====== Extracted material ======

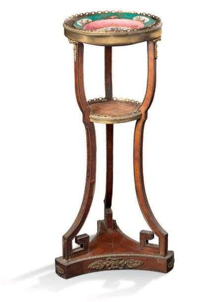 Guéridon en athénienne en placage de bois de rose, le plateau circulaire accueille une assiette de porcelaine à décor de bouquets de fleurs et volatiles dans des réserves.
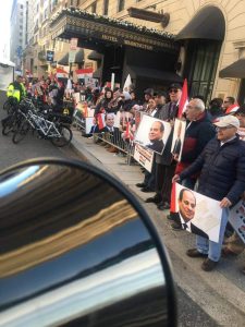 الجالية المصرية بالولايات المتحدة تنظم وقفة أمام مقر إقامة الرئيس السيسي بواشنطن للترحيب به
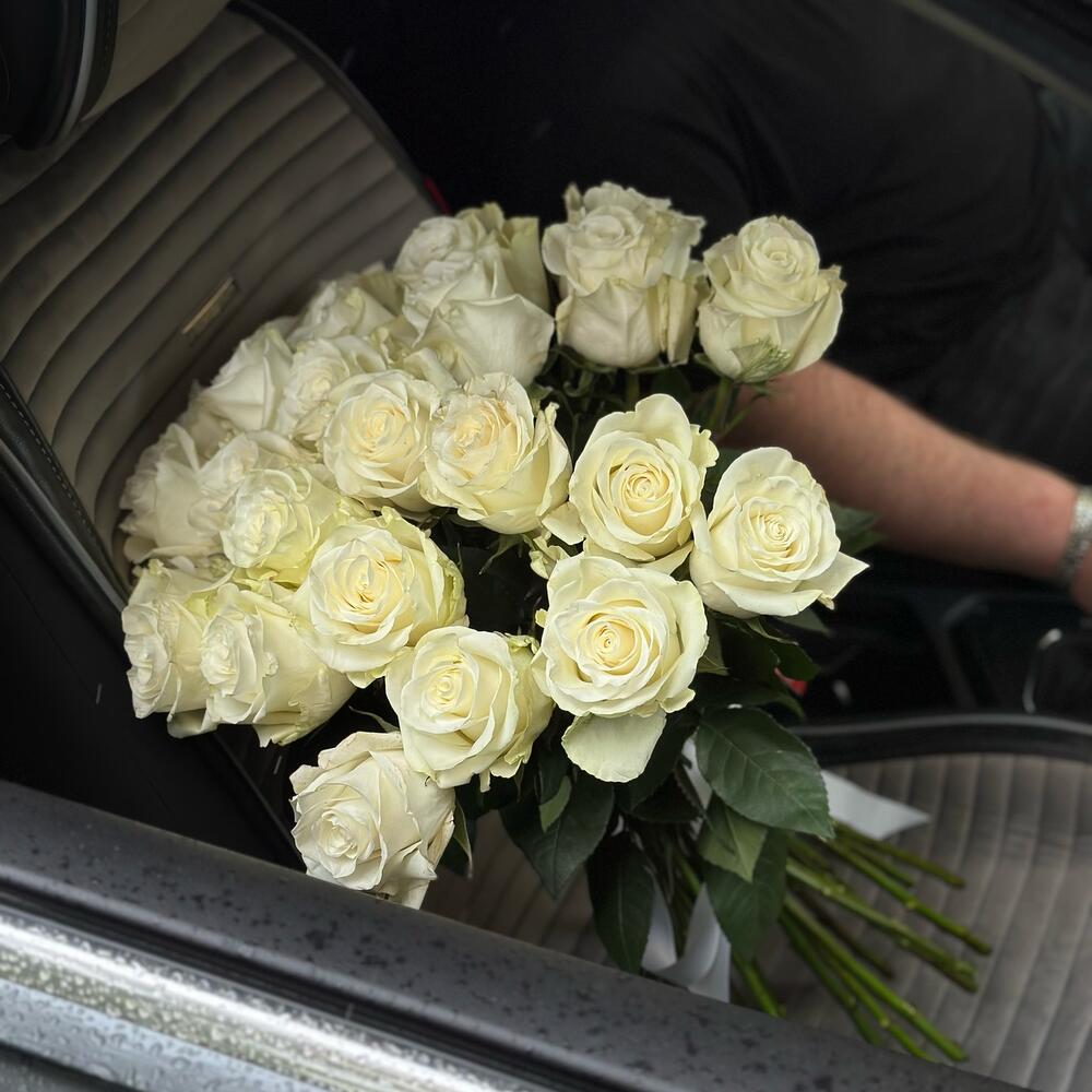 Упаковка - 1 шт. Роза Мондиаль - 25 шт. Аквабокс - 1 шт. переноска для цветов - 1 шт.
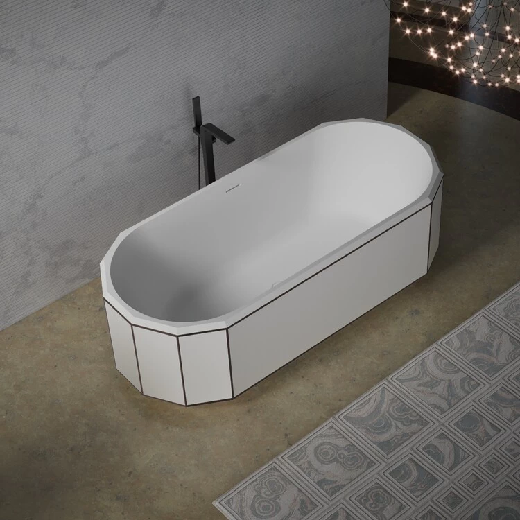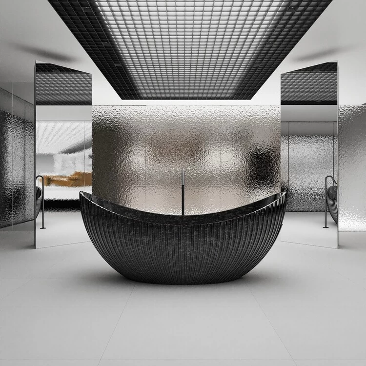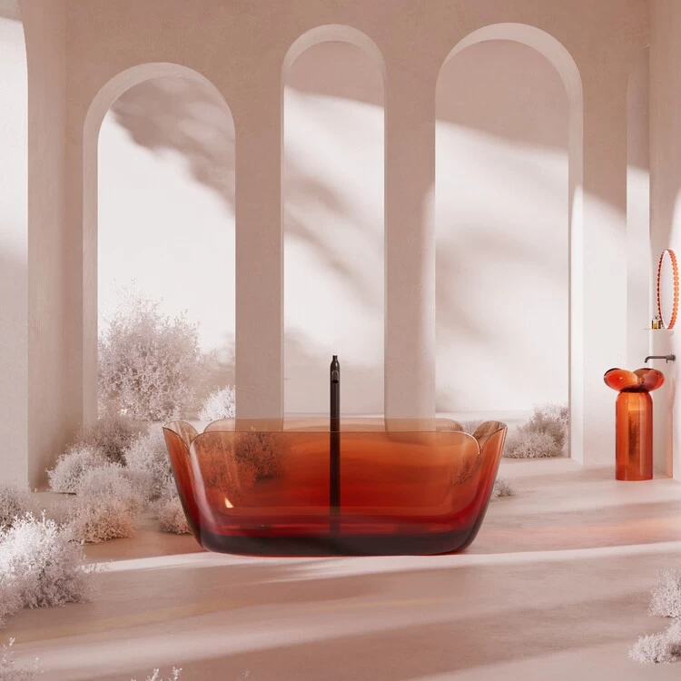 以纵向木纹围合亚克力浴缸缸体,木材的温润肌理与纯净缸体相融,静谧而克制。
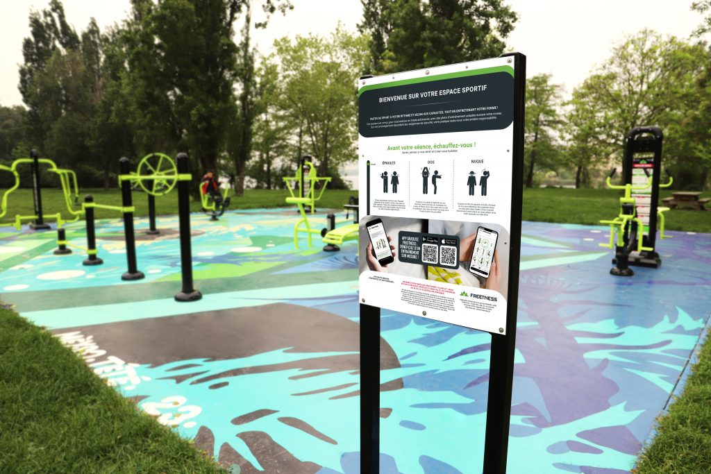 Faites personnaliser vos panneaux par nos services graphiques Freetness selon votre charte graphique pour pousser l’esthétisme de votre aire jusque dans les moindre détails. Panneau d’accueil et panneaux A4 sont modifiables selon vos demandes pour un design unique !
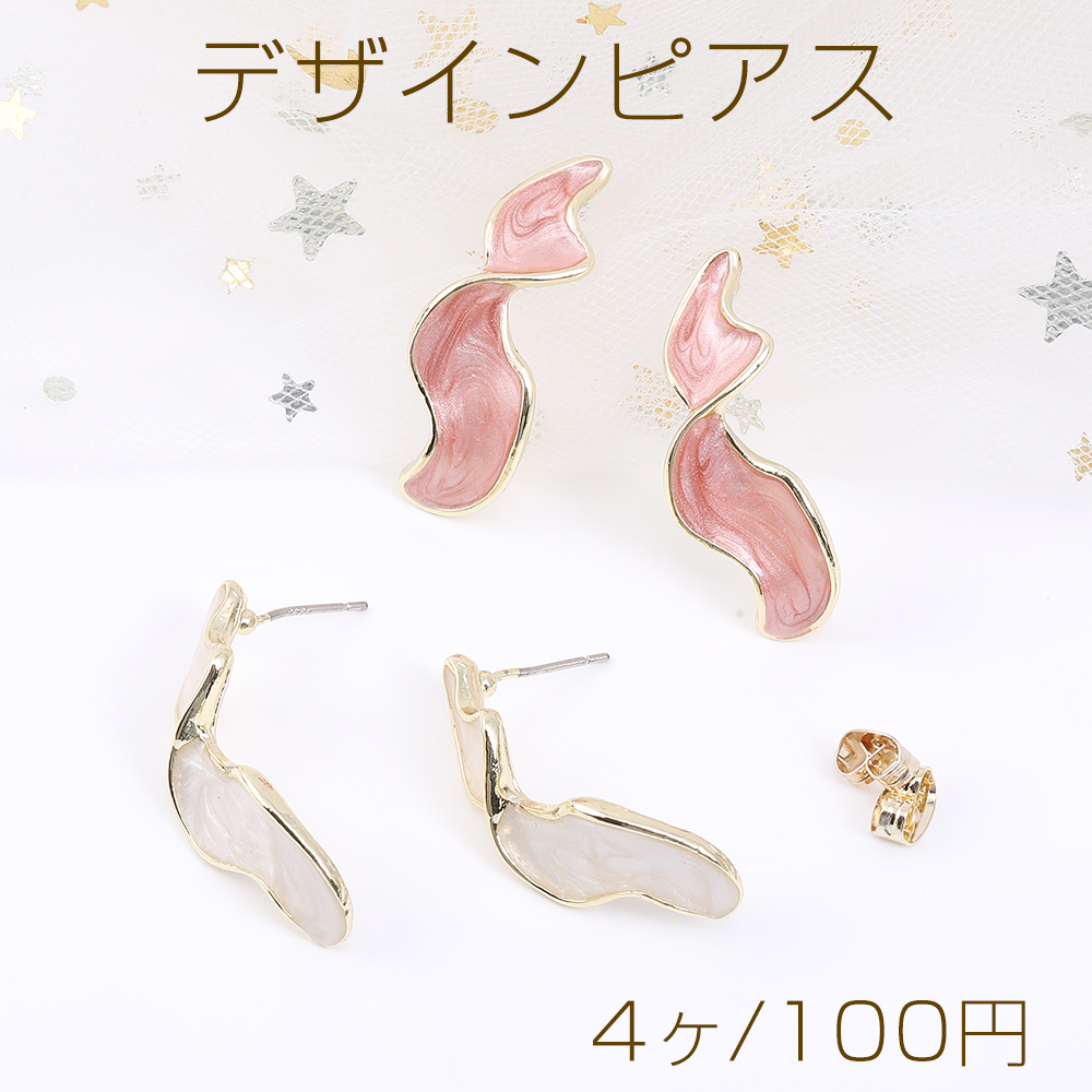 デザインピアス 不規則型 エポ付き 11×30mm ゴールド(4ヶ)

======

**Try it:** Copy, without the pictures, exactly the lines from the line with "Упаковка - 1" through the end of the material above, both ends included.

**Answer section:**
 Упаковка - 1 шт. Роза Мондиаль - 25 шт. Аквабокс - 1 шт. переноска для цветов - 1 шт.
 以纵向木纹围合亚克力浴缸缸体,木材的温润肌理与纯净缸体相融,静谧而克制。
 Faites personnaliser vos panneaux par nos services graphiques Freetness selon votre charte graphique pour pousser l’esthétisme de votre aire jusque dans les moindre détails. Panneau d’accueil et panneaux A4 sont modifiables selon vos demandes pour un design unique !
 デザインピアス 不規則型 エポ付き 11×30mm ゴールド(4ヶ)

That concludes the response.